### Your objective
The copy should hold exactly the lines below from the one that contains "在临安多个项目暴雷烂尾的当下" through the one that contains "下の画像が示すように、Shi" and nothing else, so no pictures.

### Data records
• • • • • • •

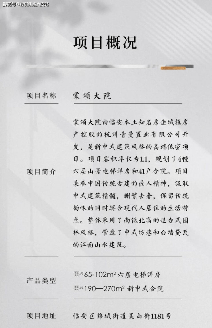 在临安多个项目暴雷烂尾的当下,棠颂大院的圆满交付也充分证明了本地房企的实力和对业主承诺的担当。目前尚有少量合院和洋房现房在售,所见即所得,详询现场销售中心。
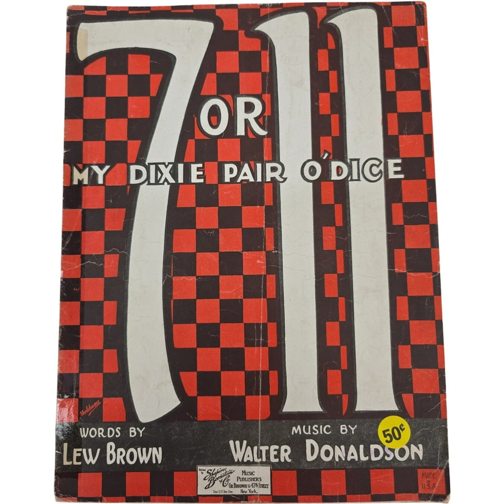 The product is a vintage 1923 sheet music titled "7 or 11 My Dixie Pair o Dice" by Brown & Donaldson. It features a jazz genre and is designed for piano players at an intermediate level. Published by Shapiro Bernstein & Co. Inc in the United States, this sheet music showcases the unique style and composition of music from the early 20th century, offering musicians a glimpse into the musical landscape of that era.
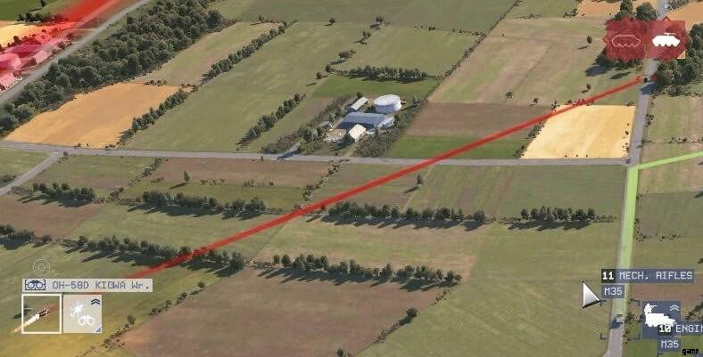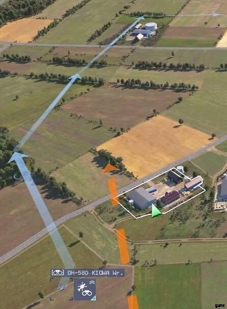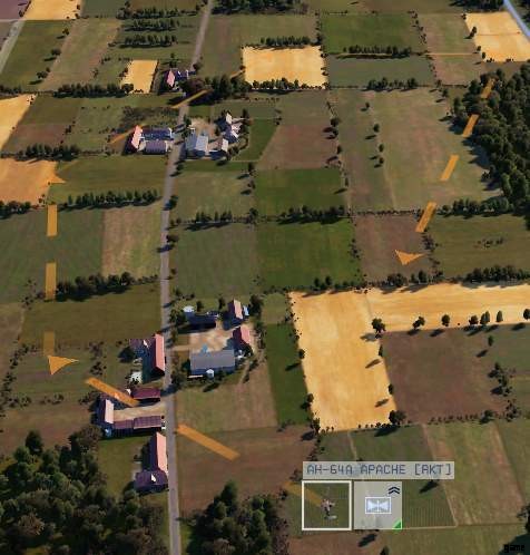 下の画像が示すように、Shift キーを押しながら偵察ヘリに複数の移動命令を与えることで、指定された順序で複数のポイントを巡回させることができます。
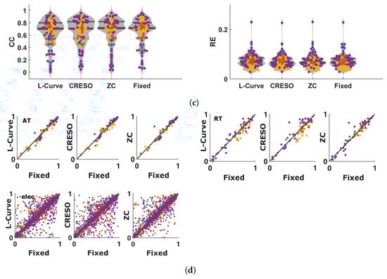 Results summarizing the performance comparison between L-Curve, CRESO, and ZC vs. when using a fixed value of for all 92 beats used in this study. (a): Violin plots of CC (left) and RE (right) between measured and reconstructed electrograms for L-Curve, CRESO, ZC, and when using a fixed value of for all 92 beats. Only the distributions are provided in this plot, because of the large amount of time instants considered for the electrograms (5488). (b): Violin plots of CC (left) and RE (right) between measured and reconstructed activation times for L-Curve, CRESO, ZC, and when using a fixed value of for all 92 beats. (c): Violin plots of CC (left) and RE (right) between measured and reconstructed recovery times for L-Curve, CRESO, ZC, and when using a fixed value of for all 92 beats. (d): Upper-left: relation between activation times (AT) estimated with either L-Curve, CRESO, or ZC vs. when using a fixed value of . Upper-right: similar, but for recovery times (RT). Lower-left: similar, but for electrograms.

• • • • • • •

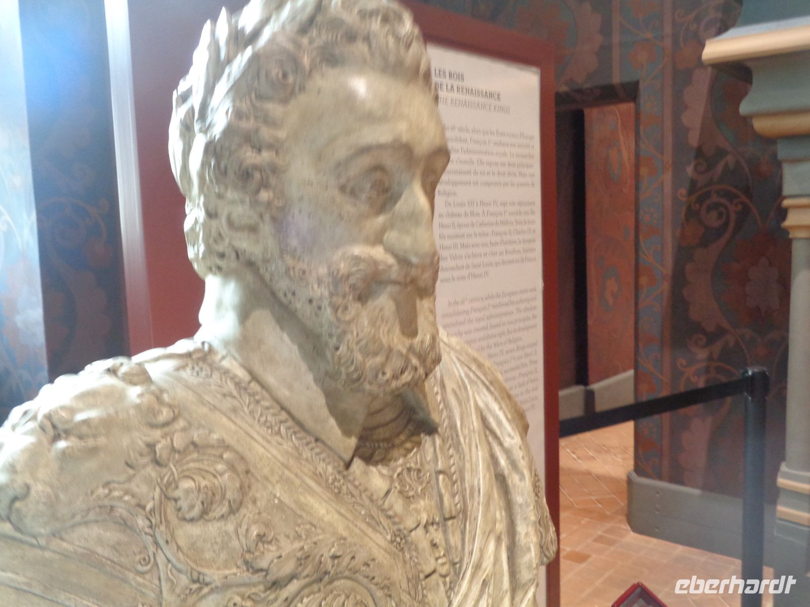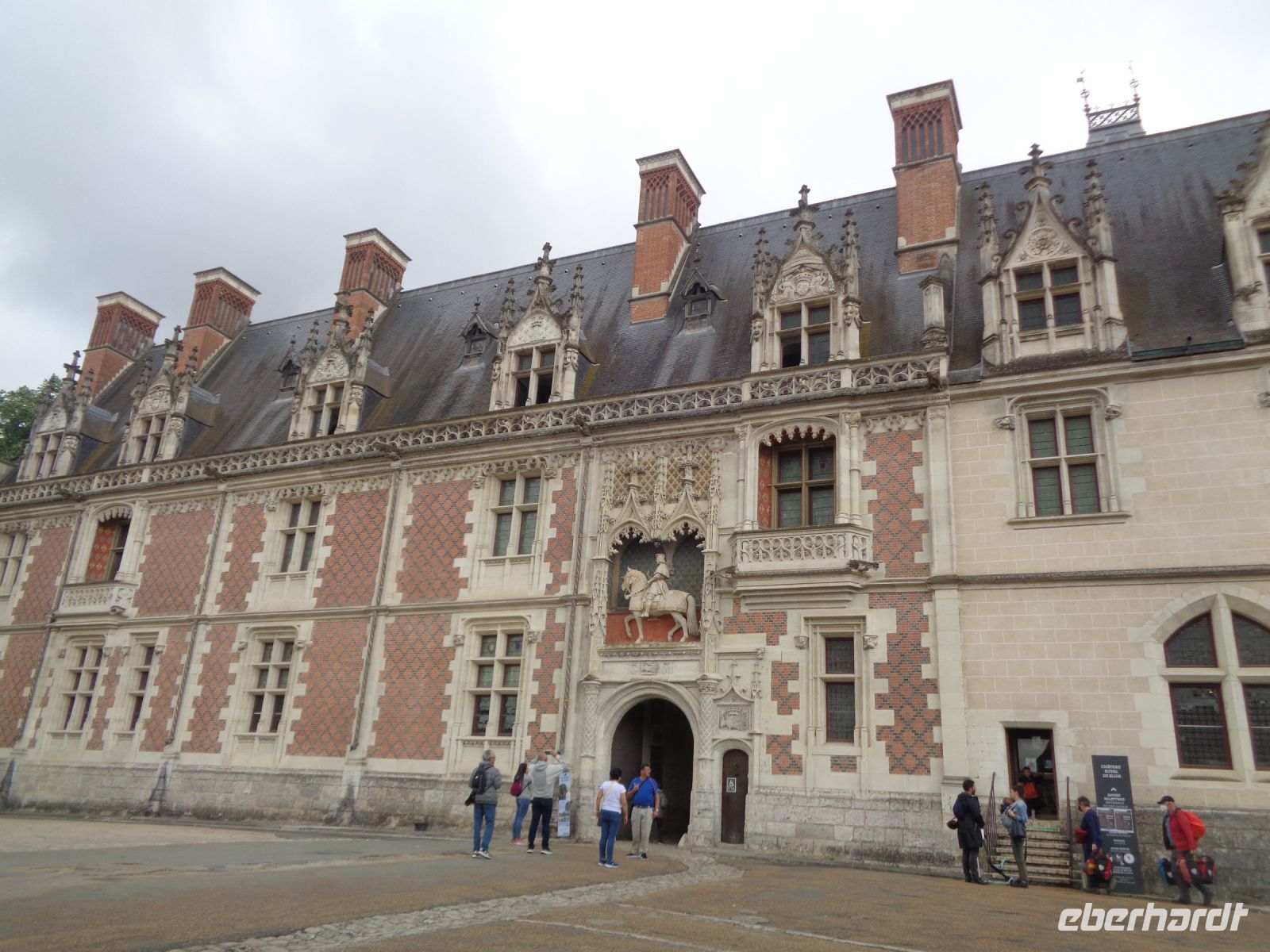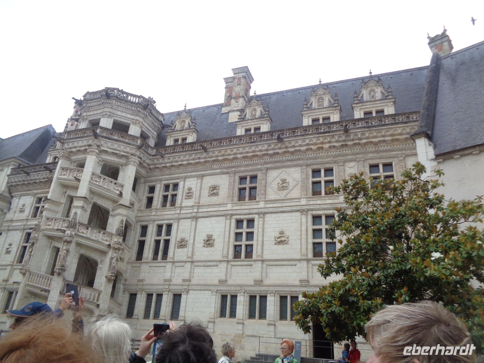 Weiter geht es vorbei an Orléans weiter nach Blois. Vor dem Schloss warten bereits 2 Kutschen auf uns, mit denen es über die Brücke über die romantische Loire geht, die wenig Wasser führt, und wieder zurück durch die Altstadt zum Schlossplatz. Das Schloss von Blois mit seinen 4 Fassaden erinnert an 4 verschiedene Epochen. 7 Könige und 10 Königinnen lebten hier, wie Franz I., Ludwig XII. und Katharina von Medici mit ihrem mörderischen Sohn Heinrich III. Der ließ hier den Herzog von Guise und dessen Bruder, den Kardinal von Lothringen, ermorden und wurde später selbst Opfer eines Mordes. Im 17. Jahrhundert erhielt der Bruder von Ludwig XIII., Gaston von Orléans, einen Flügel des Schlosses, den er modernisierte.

• • • • • • •

### Problem solution
 在临安多个项目暴雷烂尾的当下,棠颂大院的圆满交付也充分证明了本地房企的实力和对业主承诺的担当。目前尚有少量合院和洋房现房在售,所见即所得,详询现场销售中心。
 The product is a vintage 1923 sheet music titled "7 or 11 My Dixie Pair o Dice" by Brown & Donaldson. It features a jazz genre and is designed for piano players at an intermediate level. Published by Shapiro Bernstein & Co. Inc in the United States, this sheet music showcases the unique style and composition of music from the early 20th century, offering musicians a glimpse into the musical landscape of that era.
 下の画像が示すように、Shift キーを押しながら偵察ヘリに複数の移動命令を与えることで、指定された順序で複数のポイントを巡回させることができます。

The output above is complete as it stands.